KEY FIGURES (EUR 1,000) | 4-6/ 2021 | 4-6/ 2020 | Change % | 1-6/ 2021 | 1-6/ 2020 | Change % | 1-12/ 2020 |
Net sales | 70,902 | 69,306 | 2.3 % | 130,185 | 128,346 | 1,4 % | 274,646 |
EBITDA | 276 | 3,181 | -91.3 % | 1,154 | 4,462 | -74,1 % | 11,440 |
EBITDA margin, % | 0.4 % | 4.6 % | 0.9 % | 3.5 % | 4.2 % | ||
Adjusted operating result (EBIT) | 2,918 | 2,721 | 7.2 % | 3,400 | 3,324 | 2,3 % | 9,478 |
Adjusted EBIT margin, % | 4.1 % | 3.9 % | 2.6 % | 2.6 % | 3.5 % | ||
Operating result (EBIT) | -531 | 2,368 | -429 | 2,830 | 8,237 | ||
Operating result (EBIT) margin, % | -0.7 % | 3.4 % | -0.3 % | 2.2 % | 3.0 % | ||
Profit/loss for the period | -721 | 1,711 | -806 | 1,839 | 5,675 | ||
Order backlog | 236,191 | 211,838 | 11,5 % | 177,857 | |||
Free cash flow | -1,356 | 8,107 | -4,285 | 10,093 | 18,334 | ||
Cash conversion, % | n/a | 254.8 % | n/a | 226.2 % | 160.3 % | ||
Net interest-bearing debt | 20,404 | 11,272 | 81,0 % | 4,737 | |||
Gearing, % | 76.3 % | 37.9 % | 14.1 % | ||||
Return on investment, ROI % | 8.5 % | 13.7 % | 13.6 % | ||||
Number of personnel at period end | 1,003 | 999 | 0,4 % | 927 | |||
Earnings per share, undiluted (EUR) | -0.09 | 0.21 | -0.11 | 0.22 | 0.70 | ||
CEO Esa Korkeela’s comment
”During the second quarter of 2021, our net sales were 70.9 (69.3) million euro. Our net sales grew 2.3 percent to the comparison period.
Our Adjusted operating result (EBIT) for April-June before items affecting comparability was 2.9 (2.7) million euro, which is 4.1 (3.9) percent of our net sales. Operationally the second quarter advanced as expected and our projects largely progressed as planned. Our operating result (EBIT) for the second quarter was -0.5 (2.4) million euro, which is -0.7 (3.4) percent of our net sales. During the reporting period we received an arbitral award from the arbitral tribunal in the dispute relating to the construction project for Hotel St. George. As a result of the decision, we recognised a non-recurring loss of 3.4 million euro for the period, mainly due to the write-down of net receivable on our balance sheet. The arbitral award will have a positive cash flow impact of approximately 2 million euro in the third quarter of the year.
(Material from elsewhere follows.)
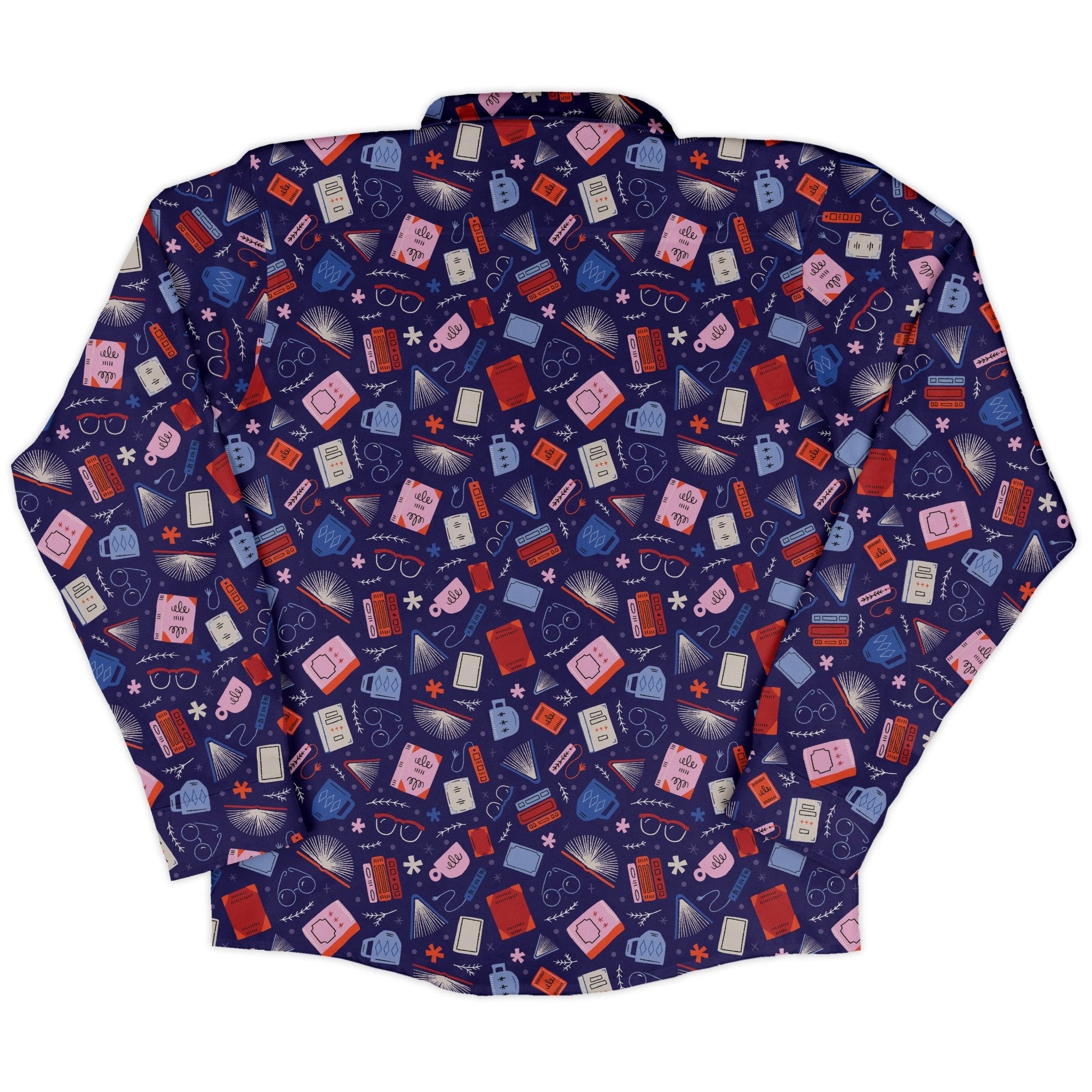 Book Nerd Long Sleeve Button Up Shirt delivers unapologetic bibliophile energy in a crisp, all-over print of illustrated books that flows cleanly across the placket and pocket. Designed by Zirkus Design, it pairs a just-right, easy fit with soft, breathable performance for desk-to-downtown days. Printed with eco-conscious inks to support both stories and the artists who tell them.

In April-June our order intake was 98.5 (66.8) million euro, which is a 47.4 percent increase to the comparison period. Due to the good order intake, our order backlog at the end of the reporting period grew to 236.2 (211.8) million euro, which is 11.5 percent higher than in the comparison period. During the reporting period we recorded ia. in line with our new strategy the first orders related to new construction services into our order backlog. In the first project we will build two new office buildings targeting a Gold level LEED classification in Ilmalanrinne, Helsinki, and in the second project we will build a new school and sports premises for Järvenpää City. The strong order intake during the second quarter is a good indication of how well our customers have received our new strategy focusing on customer orientation, sustainability, and the expansion into the new construction services.
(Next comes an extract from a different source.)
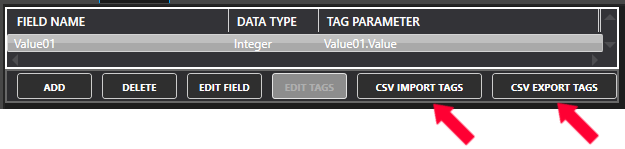 Add a data field and specify the Tag Parameter, field name, and field data type use the Add Button.

The negative impact that the coronavirus pandemic (COVID-19) had on our ability to advance projects according to plans was smaller than in the first quarter and it lessened toward the end of the reporting period. Despite the pandemic, demand for renovations remained at an adequate level. The housing company market has now returned near to normal levels regionally as well. However, demand for renovation and modification work in commercial premises has remained lower than normal especially in those industries that have suffered most from the coronavirus pandemic. Construction material price increases and material availability did not have a significant impact on our business during the second quarter.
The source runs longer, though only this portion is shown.